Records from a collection
--------------------------------------------------
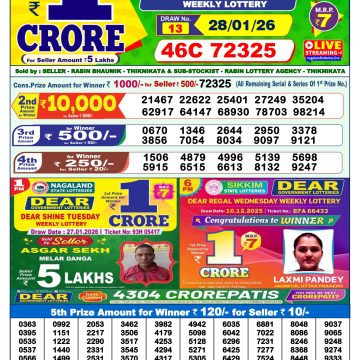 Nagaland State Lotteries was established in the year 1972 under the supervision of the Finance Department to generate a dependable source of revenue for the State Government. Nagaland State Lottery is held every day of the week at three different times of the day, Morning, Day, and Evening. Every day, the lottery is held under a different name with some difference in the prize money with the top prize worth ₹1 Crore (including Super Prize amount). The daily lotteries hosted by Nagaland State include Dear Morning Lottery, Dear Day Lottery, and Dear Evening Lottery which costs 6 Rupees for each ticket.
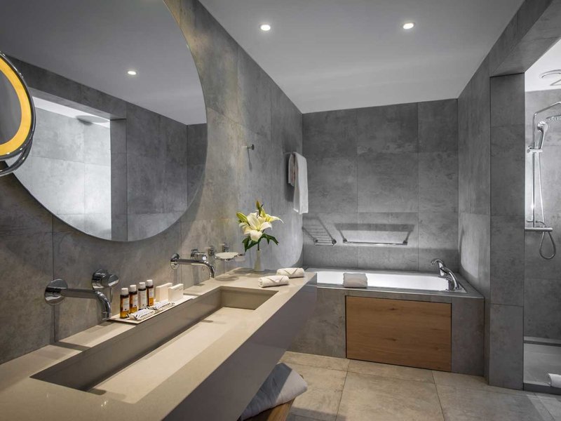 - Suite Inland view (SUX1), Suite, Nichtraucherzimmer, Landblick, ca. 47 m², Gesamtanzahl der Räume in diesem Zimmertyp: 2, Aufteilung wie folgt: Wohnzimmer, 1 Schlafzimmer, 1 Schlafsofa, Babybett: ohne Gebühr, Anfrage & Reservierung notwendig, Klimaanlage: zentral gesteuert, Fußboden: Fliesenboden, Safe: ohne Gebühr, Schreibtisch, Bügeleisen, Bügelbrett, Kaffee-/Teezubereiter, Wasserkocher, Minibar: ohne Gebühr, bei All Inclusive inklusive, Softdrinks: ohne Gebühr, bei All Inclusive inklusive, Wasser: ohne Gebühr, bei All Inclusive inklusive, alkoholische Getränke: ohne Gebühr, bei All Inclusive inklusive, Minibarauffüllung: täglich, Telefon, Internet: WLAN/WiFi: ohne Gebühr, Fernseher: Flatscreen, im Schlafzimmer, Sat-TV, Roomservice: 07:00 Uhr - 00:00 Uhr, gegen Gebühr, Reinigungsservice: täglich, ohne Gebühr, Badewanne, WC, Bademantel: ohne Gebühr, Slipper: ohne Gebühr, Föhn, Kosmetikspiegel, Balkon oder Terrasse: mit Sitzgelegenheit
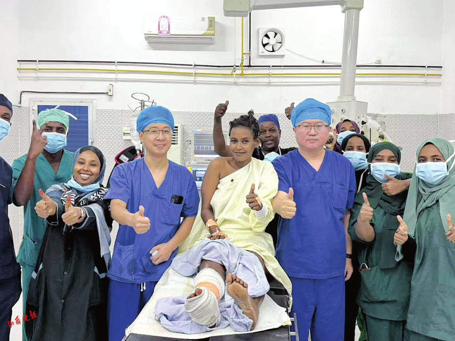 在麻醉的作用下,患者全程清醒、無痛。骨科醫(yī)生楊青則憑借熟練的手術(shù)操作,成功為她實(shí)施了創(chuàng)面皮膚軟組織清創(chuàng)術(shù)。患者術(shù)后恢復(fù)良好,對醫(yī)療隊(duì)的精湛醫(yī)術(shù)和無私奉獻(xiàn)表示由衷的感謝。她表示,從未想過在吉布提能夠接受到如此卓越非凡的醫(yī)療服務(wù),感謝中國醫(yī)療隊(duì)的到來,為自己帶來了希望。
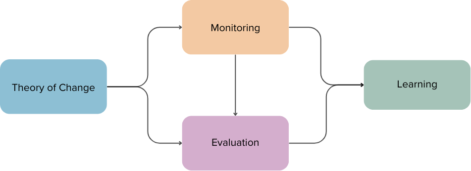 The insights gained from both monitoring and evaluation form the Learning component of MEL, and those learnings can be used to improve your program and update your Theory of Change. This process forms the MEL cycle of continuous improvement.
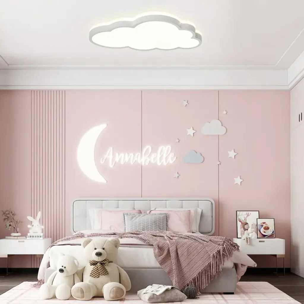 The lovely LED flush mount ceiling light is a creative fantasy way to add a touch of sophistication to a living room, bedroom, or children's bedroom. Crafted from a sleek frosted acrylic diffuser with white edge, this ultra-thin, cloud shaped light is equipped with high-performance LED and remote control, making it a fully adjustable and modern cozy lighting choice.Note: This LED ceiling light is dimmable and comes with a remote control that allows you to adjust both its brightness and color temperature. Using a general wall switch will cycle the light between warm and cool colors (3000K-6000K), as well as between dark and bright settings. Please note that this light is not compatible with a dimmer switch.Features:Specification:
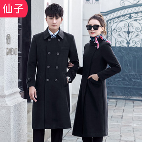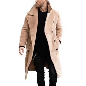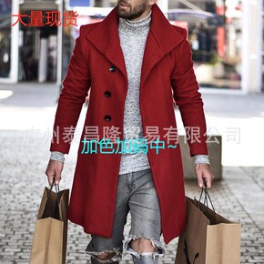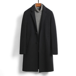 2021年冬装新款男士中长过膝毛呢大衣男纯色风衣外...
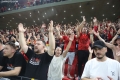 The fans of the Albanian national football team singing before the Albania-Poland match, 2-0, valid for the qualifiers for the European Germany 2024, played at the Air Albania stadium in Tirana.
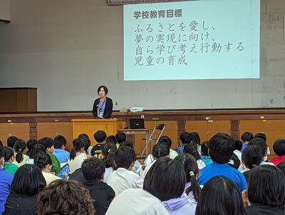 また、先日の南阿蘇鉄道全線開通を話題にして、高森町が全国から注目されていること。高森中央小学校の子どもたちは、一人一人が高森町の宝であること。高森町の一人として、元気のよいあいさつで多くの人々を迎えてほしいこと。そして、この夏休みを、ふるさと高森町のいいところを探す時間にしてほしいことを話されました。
--------------------------------------------------
What you have to do
Could you restate all of the data above word for word and skip every picture?

Response for this exercise
 Nagaland State Lotteries was established in the year 1972 under the supervision of the Finance Department to generate a dependable source of revenue for the State Government. Nagaland State Lottery is held every day of the week at three different times of the day, Morning, Day, and Evening. Every day, the lottery is held under a different name with some difference in the prize money with the top prize worth ₹1 Crore (including Super Prize amount). The daily lotteries hosted by Nagaland State include Dear Morning Lottery, Dear Day Lottery, and Dear Evening Lottery which costs 6 Rupees for each ticket.
 - Suite Inland view (SUX1), Suite, Nichtraucherzimmer, Landblick, ca. 47 m², Gesamtanzahl der Räume in diesem Zimmertyp: 2, Aufteilung wie folgt: Wohnzimmer, 1 Schlafzimmer, 1 Schlafsofa, Babybett: ohne Gebühr, Anfrage & Reservierung notwendig, Klimaanlage: zentral gesteuert, Fußboden: Fliesenboden, Safe: ohne Gebühr, Schreibtisch, Bügeleisen, Bügelbrett, Kaffee-/Teezubereiter, Wasserkocher, Minibar: ohne Gebühr, bei All Inclusive inklusive, Softdrinks: ohne Gebühr, bei All Inclusive inklusive, Wasser: ohne Gebühr, bei All Inclusive inklusive, alkoholische Getränke: ohne Gebühr, bei All Inclusive inklusive, Minibarauffüllung: täglich, Telefon, Internet: WLAN/WiFi: ohne Gebühr, Fernseher: Flatscreen, im Schlafzimmer, Sat-TV, Roomservice: 07:00 Uhr - 00:00 Uhr, gegen Gebühr, Reinigungsservice: täglich, ohne Gebühr, Badewanne, WC, Bademantel: ohne Gebühr, Slipper: ohne Gebühr, Föhn, Kosmetikspiegel, Balkon oder Terrasse: mit Sitzgelegenheit
 在麻醉的作用下,患者全程清醒、無痛。骨科醫(yī)生楊青則憑借熟練的手術(shù)操作,成功為她實(shí)施了創(chuàng)面皮膚軟組織清創(chuàng)術(shù)。患者術(shù)后恢復(fù)良好,對醫(yī)療隊(duì)的精湛醫(yī)術(shù)和無私奉獻(xiàn)表示由衷的感謝。她表示,從未想過在吉布提能夠接受到如此卓越非凡的醫(yī)療服務(wù),感謝中國醫(yī)療隊(duì)的到來,為自己帶來了希望。
 The insights gained from both monitoring and evaluation form the Learning component of MEL, and those learnings can be used to improve your program and update your Theory of Change. This process forms the MEL cycle of continuous improvement.
 The lovely LED flush mount ceiling light is a creative fantasy way to add a touch of sophistication to a living room, bedroom, or children's bedroom. Crafted from a sleek frosted acrylic diffuser with white edge, this ultra-thin, cloud shaped light is equipped with high-performance LED and remote control, making it a fully adjustable and modern cozy lighting choice.Note: This LED ceiling light is dimmable and comes with a remote control that allows you to adjust both its brightness and color temperature. Using a general wall switch will cycle the light between warm and cool colors (3000K-6000K), as well as between dark and bright settings. Please note that this light is not compatible with a dimmer switch.Features:Specification:
 2021年冬装新款男士中长过膝毛呢大衣男纯色风衣外...
 The fans of the Albanian national football team singing before the Albania-Poland match, 2-0, valid for the qualifiers for the European Germany 2024, played at the Air Albania stadium in Tirana.
 また、先日の南阿蘇鉄道全線開通を話題にして、高森町が全国から注目されていること。高森中央小学校の子どもたちは、一人一人が高森町の宝であること。高森町の一人として、元気のよいあいさつで多くの人々を迎えてほしいこと。そして、この夏休みを、ふるさと高森町のいいところを探す時間にしてほしいことを話されました。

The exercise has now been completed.